How can I explain to thick-skulled "Honor" students (honestly, Pre-AP is too easy these days) how empty set and zero are different?

Should I do something like x+2 = x+99 and then have them substitute x with 0 to prove 0 doesnt work?

"God, help me from the land of those with a IQ that doesnt change with exponents."

got me there. I'm seventh grade and I understand, but.... how do you teach other?

There's an easier route: Instead of a slashed zero, just use {}.

Or the real name for it is null. Who is your teacher because I think I have heard that before.

It is used in some lower maths but it's really useless as soon as they start using phi for angles (for obvious reasons). I'm not exactly sure what you mean by empty set, but I think I use the good old "does not exist" or "undefined" abbreviated by DNE or und. respectively.

What the hell is an empy set anyways? I'm in Int 3 (Yes, my school's system is screwed)

Just say that if the set has the number 0, then it isn't empty. A null set has NOTHING in it.

A solution set is a set of values that satisfies an equation. (IE, for [x^2 - 1] = 0, the solution set is {-1, 1}). If no values satisfy the equation, then you have an empty set.

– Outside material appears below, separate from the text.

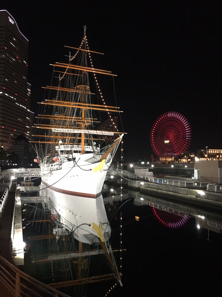 夜景が美しい季節になりました。帆船日本丸もとてもきれいです。ドックの水面に船体とマスト、ヤードが映っています。横浜・みなとみらいにおいでの際は、ぜひ帆船日本丸の夜景もお楽しみください。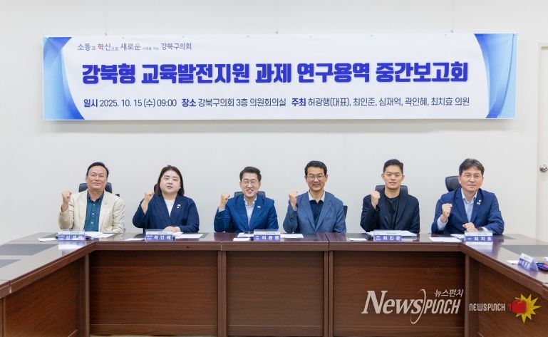 뉴스펀치 김완규 기자 | 강북구의회 의원연구단체인 ‘강북형 교육발전지원 연구회’ (대표의원 허광행)는 지난 10월 15일 의회 3층 의원회의실에서 중간보고회를 열었다.

lets have the question be x^2<3

The answer set will be {3,7,5,4,2}
none of them are less than 3, so it would be a null set . You would symbolize this by (/). However zero does not work in that set either.

... an answer set is not a predetermined thing. If you are given an equation, the answer set is *determined* by what satisfies the equation. If nothing satisfies it, *then* you have a null set.

For inequalities, the solution set is given by a range of numbers. The solution set for x^2 - 1 < 0 would be (-1,1), the solution set for x^2 - 1 <= 0 would be [-1,1], and the solution set for x^2 - 1 > 0 is (-infinity, -1)U(1, infinity).

thanks everyone, i should do fine....